Мы, например, все знаем, что и как читал Алонсо Кихано из Ламанчи
читать дальшеОдним словом, идальго наш с головой ушел в чтение, и сидел он над книгами с утра до ночи и с ночи до утра; и вот оттого, что он мало спал и много читал, мозг у него стал иссыхать, так что в конце концов он и вовсе потерял рассудок. Воображение его было поглощено всем тем, о чем он читал в книгах: чародейством, распрями, битвами, вызовами на поединок, ранениями, объяснениями в любви, любовными похождениями, сердечными муками и разной невероятной чепухой, и до того прочно засела у него в голове мысль, будто все это нагромождение вздорных небылиц - истинная правда, что для него в целом мире не было уже ничего более достоверного. Он говорил, что Сид Руй Диас {9} очень хороший рыцарь, но что он ни в какое сравнение не идет с Рыцарем Пламенного Меча {10}, который одним ударом рассек пополам двух свирепых и чудовищных великанов. Он отдавал предпочтение Бернардо дель Карпьо {11} оттого, что тот, прибегнув к хитрости Геркулеса, задушившего в своих объятиях сына Земли - Антея, умертвил в Ронсевальском ущелье очарованного Роланда {12}. С большой похвалой отзывался он о Моргате {13}, который хотя и происходил из надменного и дерзкого рода великанов, однако ж, единственный из всех, отличался любезностью и отменною учтивостью. Но никем он так не восхищался, как Ринальдом Монтальванским {14}, особливо когда тот, выехав из замка, грабил всех, кто только попадался ему на пути, или, очутившись за морем, похищал истукан Магомета - весь как есть золотой, по уверению автора. А за то, чтобы отколотить изменника Ганнелона {15}, наш идальго отдал бы свою ключницу да еще и племянницу в придачу.
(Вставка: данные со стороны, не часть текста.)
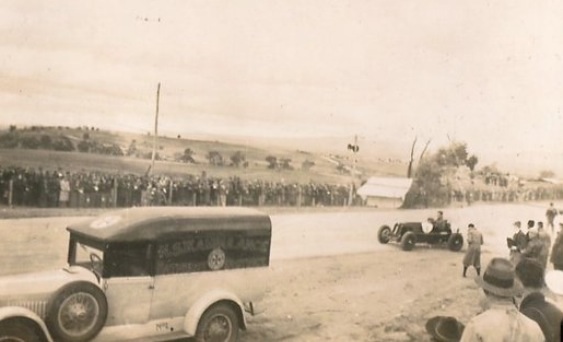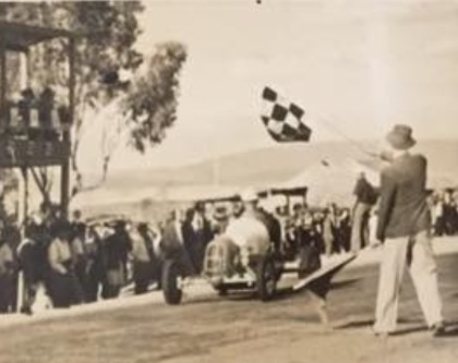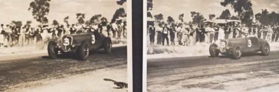 Its fuzzy but has to be Bob Lea-Wright’s Singer Nine with silverware after the 1934 Australian Grand Prix won in splendid fashion from Bill Thompson’s MG K3 Magnette.

или Эмма Руо, будущая госпожа Бовари
читать дальшеВ детстве она прочла "Поля и Виргинию" (*8) и долго потом мечтала о бамбуковой хижине, о негре Доминго, о собаке Фидель, но больше всего о нежной дружбе с милым маленьким братцем, который срывал бы для нее красные плоды с громадных, выше колокольни, деревьев или бежал бы к ней по песку босиком, с птичьим гнездом в руках. (...)
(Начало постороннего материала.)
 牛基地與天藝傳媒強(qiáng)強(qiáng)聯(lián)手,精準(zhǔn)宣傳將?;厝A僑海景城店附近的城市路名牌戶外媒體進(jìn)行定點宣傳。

Там было все про любовь, там были одни только любовники, любовницы, преследуемые дамы, падающие без чувств в уединенных беседках, кучера, которых убивают на каждой станции, кони, которых загоняют на каждой странице, дремучие леса, сердечные
тревоги, клятвы, рыдания, слезы и поцелуи, челны, озаренные лунным светом, соловьиное пение в рощах, герои, храбрые, как львы, кроткие, как агнцы, добродетельные донельзя, всегда безукоризненно одетые, слезоточивые, как урны. Пятнадцатилетняя Эмма целых полгода дышала этой пылью старинных книгохранилищ. Позднее Вальтер Скотт привил ей вкус к старине, и она начала бредить хижинами поселян, парадными залами и менестрелями. Ей хотелось жить в старинном замке и проводить время по примеру дам, носивших длинные корсажи и, облокотясь на каменный подоконник, опершись головой на руку, смотревших с высоты стрельчатых башен, как на вороном коне мчится к ним по полю рыцарь в шляпе с белым плюмажем. В ту пору она преклонялась перед Марией Стюарт и обожала всех прославленных и несчастных женщин: Жанна д'Арк, Элоиза, Агнеса Сорель, Прекрасная Фероньера и Клеманс Изор (*12) - все они, точно кометы, выступали перед ней из непроглядной тьмы времен, да еще кое-где мелькали тонувшие во мраке, никак между собою не связанные Людовик Святой под дубом (*13), умирающий Баярд (*14), зверства Людовика XI (*15), сцены из Варфоломеевской ночи (*16), султан на шляпе Беарнца (*17), и, разумеется, навсегда запечатлелись у нее в памяти тарелки с рисунками, восславлявшими Людовика XIV.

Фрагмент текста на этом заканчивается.